How to warm up a new email sending IP address
IP warm-up is the IP-level version of domain warm-up. If you are on a dedicated sending IP (most ESPs offer these at higher tiers), the IP itself accumulates reputation independently of your sending domain. A fresh dedicated IP starts from zero, just like a fresh domain.
When you need to warm an IP
- Provisioned a new dedicated IP on your ESP.
- Moved to a new ESP that assigned you a fresh IP.
- Reactivated a sending IP that has been dormant for 60+ days.
- Switched from shared to dedicated IPs.
If you are on a shared ESP IP (most lower-tier plans), the IP is already warmed by other senders on the same pool. You skip IP warm-up entirely and only need to worry about domain warm-up.
The IP warm-up curve
Even more conservative than domain warm-up because IP-level demotion is harder to recover from:
| Week | Daily volume | Notes |
|---|---|---|
| 1 | 50–100 | Engaged subscribers only |
| 2 | 200–500 | Active in last 30 days |
| 3 | 1,000–2,500 | Active in last 60 days |
| 4 | 5,000–10,000 | Active in last 90 days |
| 5 | 20,000–50,000 | Full active list |
| 6+ | Normal volume | If metrics stayed healthy |
Pitfalls
- Pausing during warm-up. A dedicated IP that goes silent for 3+ days starts looking suspicious again. Send something every day during warm-up, even small volumes.
- Sending only transactional mail. Transactional has lower complaint rates but also lower engagement than marketing. Pure-transactional warm-up moves slower.

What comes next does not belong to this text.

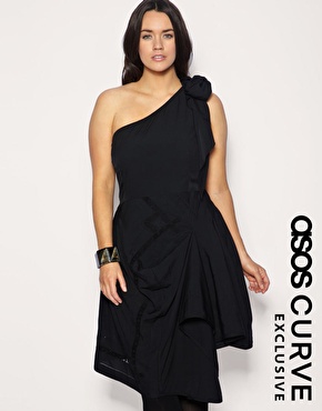 I want to find a dress that is knee length...a little shorter is ok..black, one sleeve (prefer flared) not too tight on the bottom and a material that won't cling too much. I am a 14/16 with boobs. To go with this, I was thinking of black platform pumps (not crazy high since I have to stand a lot). Any other suggestions are welcome.
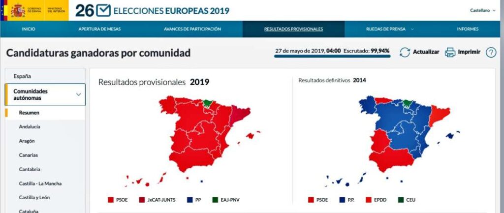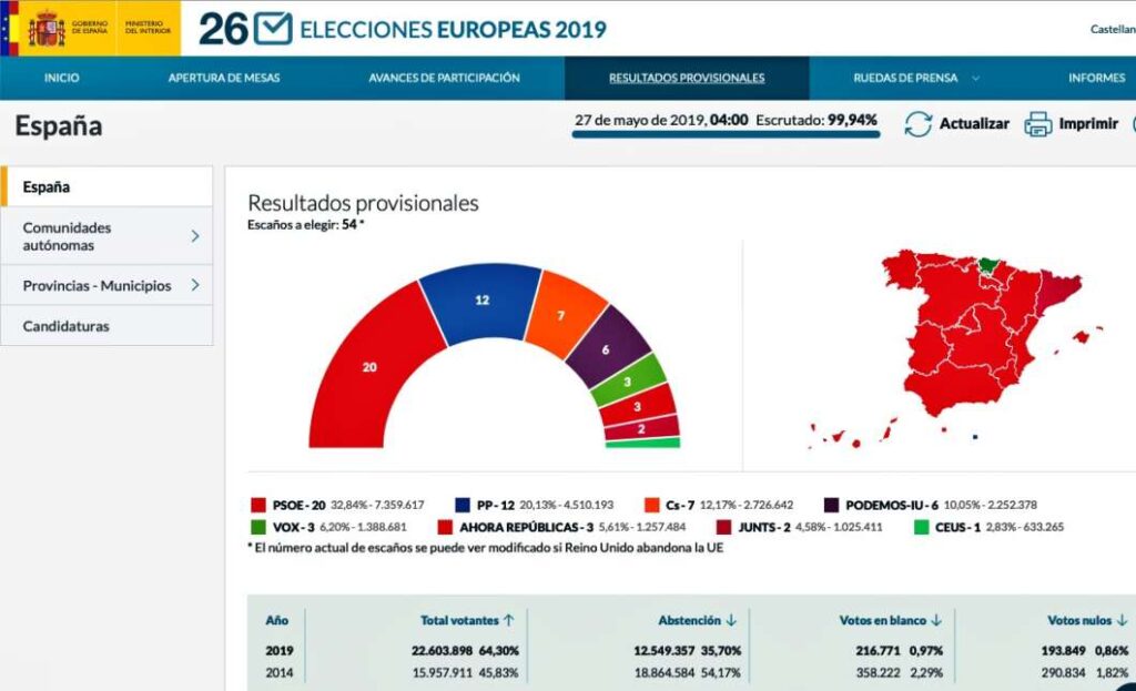 El 26 de mayo los españoles votaron para la elección de los diputados del Parlamento Europeo. Ejercieron su voto 22.603.898 personas (64,30%), con una participación mucho más alta a la de 2014 en la que apenas votó un 45,83% de la población).

- Day-of-week irregularity. Most consumer mail has weekend lulls and weekday peaks. ESPs watch this pattern. Smooth out your sends across days during warm-up if you can.
After warm-up
Once warm-up is complete, maintain consistent volume. A dedicated IP that goes from 50,000/day to 200,000/day overnight will still get throttled. Reputation is built on consistency, not just absolute volume.